Есть в процессе освоения авторского текста «болезни роста». Что я имею в виду? Во-первых, это излишняя прилипчивость этюдного текста. Будучи повторен два‑три раза (что само по себе ошибочно — какие в этюдах могут быть повторы) текст как бы «прилипает к языку». Другая болезнь — актерско-режиссерский «навык» произвольного сокращения авторского текста. Тут я должен сознаться в своей большой отрицательной практике, и именно в педагогическом процессе (в театре это простительно). Мы часто сокращали текст, и хотя для конкретного творческого результата в спектакле сокращения иногда были и полезны, и это нас порой выручало, с точки зрения воспитания артиста это было вредно.
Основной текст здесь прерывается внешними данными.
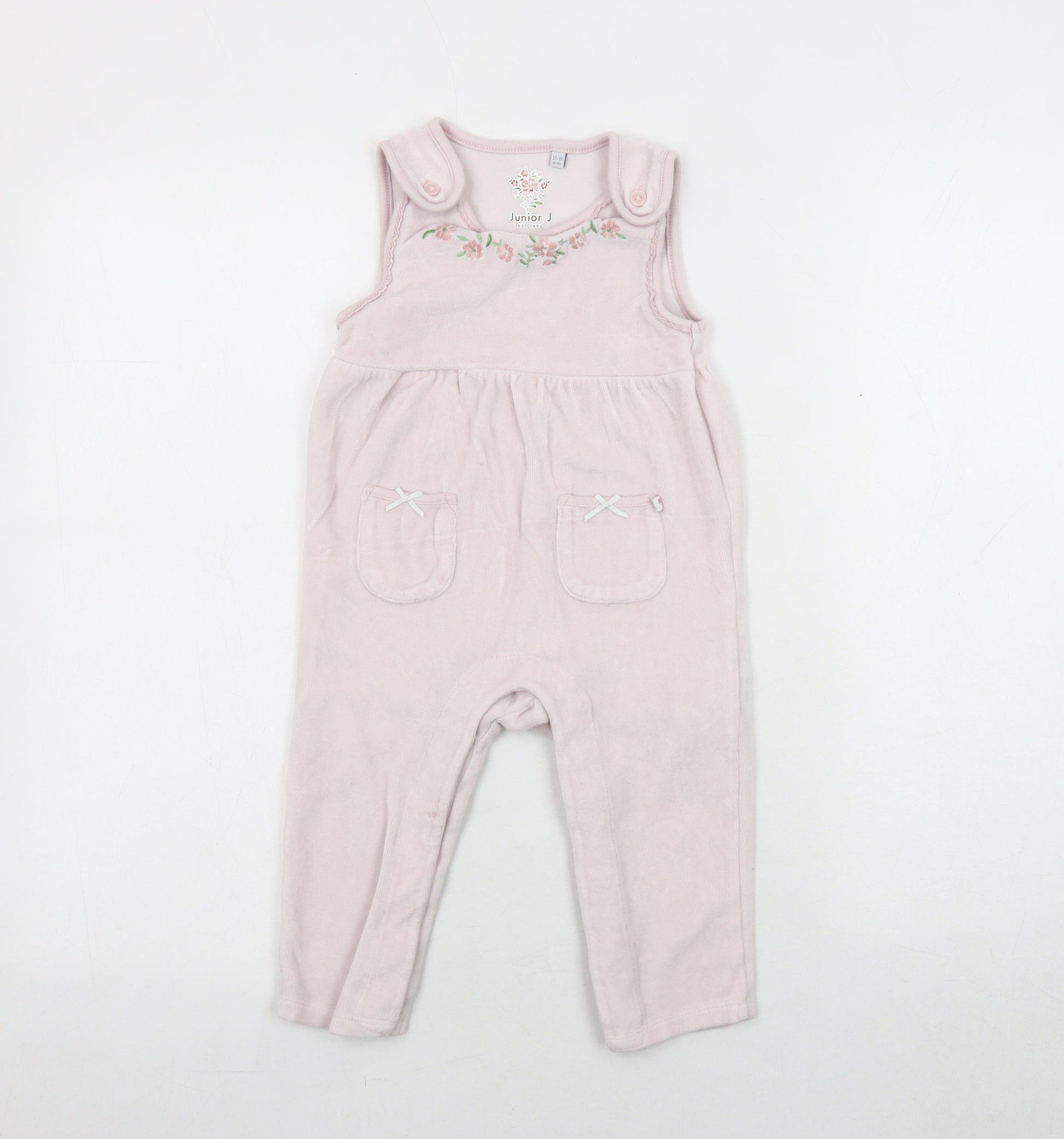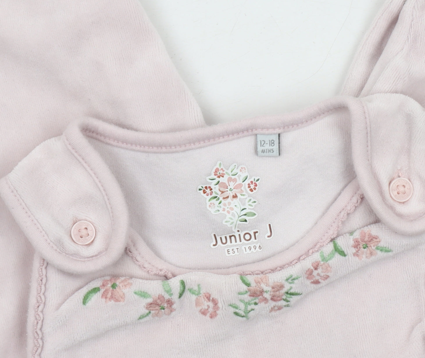 This delightful pink romper by Junior J is perfect for adding a touch of charm to your baby's wardrobe. Designed with a soft velour fabric, it ensures comfort and warmth, making it suitable for all seasons. The delicate floral embroidery adds a sweet touch, perfect for casual outings or playdates. The romper features a convenient button closure, allowing for easy dressing and undressing, making it a practical choice for parents and a comfortable option for your little one. Its sleeveless design and round neckline add to its cute, classic appeal. Crafted with a blend of cotton and polyester, this romper is not only soft but also machine washable, ensuring easy care and maintenance. Ideal for both boys and girls, age 12-18 months, it makes a versatile addition to any toddler's clothing collection. Whether it's a day in the park or a family gathering, this romper will ensure your baby is both comfortable and stylish. With its plush texture and charming design, this Junior J romper is a must-have for any loving parent aiming to dress their child in both style and comfort.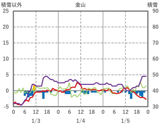 | 日 | 時 | 気温 | 降水 | 風向/風速 | 日照 | 積雪 | 降雪 |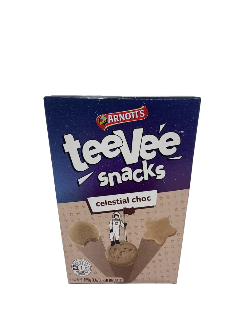 TeeVee Snacks Celestial Choc is a flavoured biscuit. Pop open for out-of-this-world bites of fun!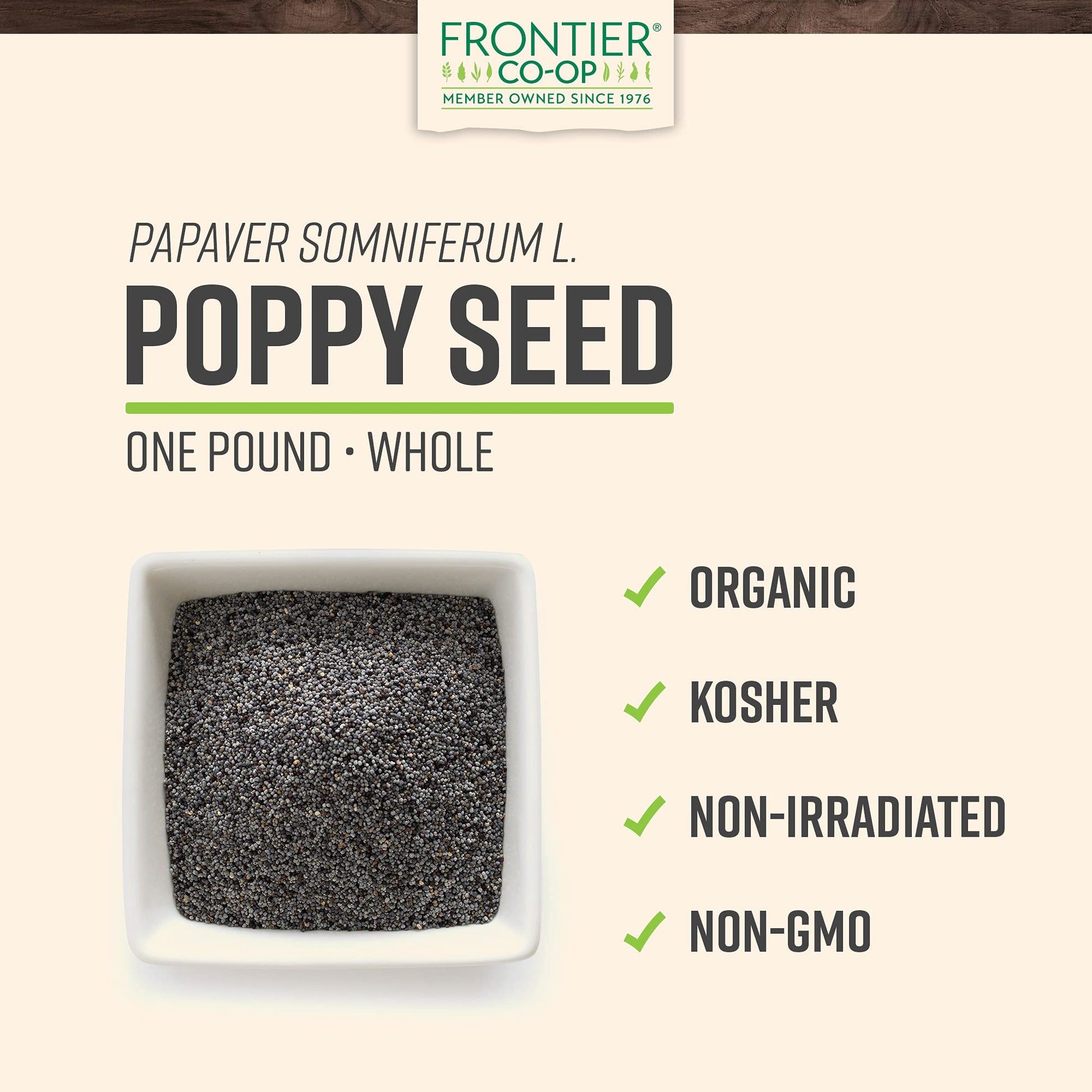 Frontier Co-Op Poppy Seed Whole, Certified Organic, Kosher | 1 Lb. Bulk Bag | Papaver Somniferum L.

Пример: работа над спектаклем «Хочу ребенка» С. Третьякова. Мы посчитали, что у этой пьесы 20‑х годов идея сильная, а текст — слабый, газетный, и поэтому нужно его редактировать. Вот мы и сокращали его безбожно и заменяли авторский текст собственным этюдным текстом. Это было практично, но говорить о том, что на этом спектакле студенты учились переходу от этюдного текста к авторскому, разумеется, нельзя. Через несколько лет, работая над пьесой «Птица Карл», мы тоже позволили себе неуважение к тексту В. Синакевича. Студентам он казался устаревшим. И мы, педагоги, пошли у них на поводу. Однако в авторском тексте было свое обаяние, и потом нам автор «мстил» за неуважение к тексту, мы даже вынуждены были возвращать некоторые слова и фразы. Или {99} другой случай своего рода бессилия перед текстом — «В ожидании Годо». Эта пьеса ставилась у нас на курсе студентом-выпускником Юрием Бутусовым. Она сильно сокращалась. Правда, впоследствии режиссер — надо отдать ему должное — в этот, к тому времени уже прославленный спектакль, получивший даже «Золотую маску», стал возвращать куски авторского текста. Помню еще случай, когда наш крупнейший педагог буквально на глазах у студентов стал сокращать первый монолог Ольги в «Трех сестрах», в отчаянии воскликнув перед этим: «Не будут зрители этого слушать, это длинно!» Все это — случаи нашего режиссерско-педагогического бессилия, бессилия понять текст, разгадать его.
Хотелось бы преодолеть эти «болезни роста». И по возможности не заниматься в учебных спектаклях режиссерско-драматургическим конструированием. Надо терпеливо продолжать эту «бесконечную работу» влюбления студентов в авторский текст, в авторский стиль. В идеале, если для этого нужно, предположим, ставя Чехова, изучить все пьесы Чехова, всю его прозу, чтобы понять его стилистику, это надо сделать.
Мешает нам, в известной мере, еще и такое предубеждение, что, мол, переход к тексту — это заключительный этап работы. Конечно, это не так. Никакой он не заключительный. Просто это продолжение планомерной работы над содержанием, работы, которая, разумеется, должна вестись даже уже и с выученным текстом.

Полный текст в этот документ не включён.